By The Watcher on Thursday, July 19, 2012 - 05:41 am:

    Hello, is there anyone out there.

    The saddest funerals are the ones that very few people attend. I'm affraid mine will be like that.


By blindswine on Thursday, July 19, 2012 - 10:39 pm:

    cubicle



By Antigone on Friday, July 20, 2012 - 01:58 am:

    Prolapse marathon


By blindswine on Friday, July 20, 2012 - 08:04 am:

    penis mararthon


By ... on Friday, July 20, 2012 - 08:45 pm:

    PhD dropout


By Antigone on Friday, July 20, 2012 - 10:21 pm:

    Beauty school hop out


By sarah on Saturday, July 21, 2012 - 11:52 am:


    Batman



By Danielssss on Sunday, July 22, 2012 - 02:10 pm:

    Pez, you out there?


By heather on Sunday, July 22, 2012 - 05:15 pm:

    I would be okay with batman, in case you were wondering.

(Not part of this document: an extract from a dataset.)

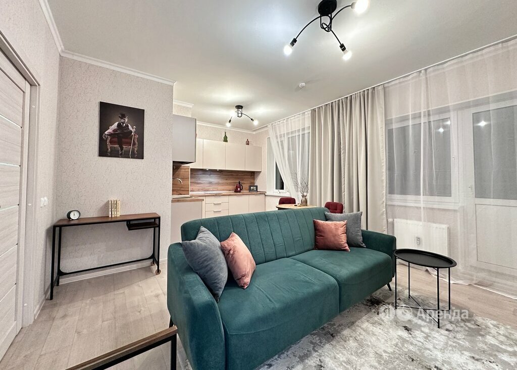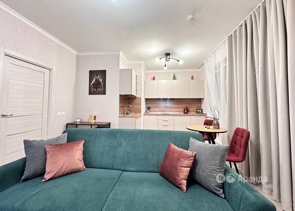 Сдаётся студия площадью 34 кв.м. с евроремонтом на 17 этаже в 19-этажном доме на срок от 11 месяцев. Из техники есть:

And you
    can skip all the cloying bullshit and go have a party. And anyone
    who puts me in one of those hideous wedding cake caskets (plain
    old pine or ashes, please) is getting haunted extra hard.


By Dr Pepper on Monday, July 23, 2012 - 08:16 pm:

    Angie's List


By TBone on Wednesday, September 12, 2012 - 11:33 am:

    Predictably

    Better Place

    Antiquing

    I hope Batman comes to my funeral.


By Dr Pepper on Wednesday, September 12, 2012 - 08:14 pm:

    Batman's cousin, Fatman


By Antigone on Wednesday, September 12, 2012 - 09:13 pm:

    And his stinky uncle Scatman.


By Dr Pepper on Thursday, September 13, 2012 - 12:59 am:

    There also another superheroes you have never heard of: Fatman,Gayman,and Nudeman....


By Danielssss on Friday, September 14, 2012 - 12:31 pm:

    "I remember him when he was dead. Looks better now."

    Wedding cake casket?


By blindswine on Tuesday, September 18, 2012 - 08:32 pm:

    blindswine


By ... on Wednesday, September 19, 2012 - 12:25 am:

    blindswine


By Antigone on Wednesday, September 19, 2012 - 01:10 am:

    ...


By sarah on Wednesday, September 19, 2012 - 03:46 pm:


    sweaty




By Danielssss on Wednesday, September 19, 2012 - 11:39 pm:

    ooooo that depends on the contextual elements surrounding the death of said party. sweaty could be a good thing.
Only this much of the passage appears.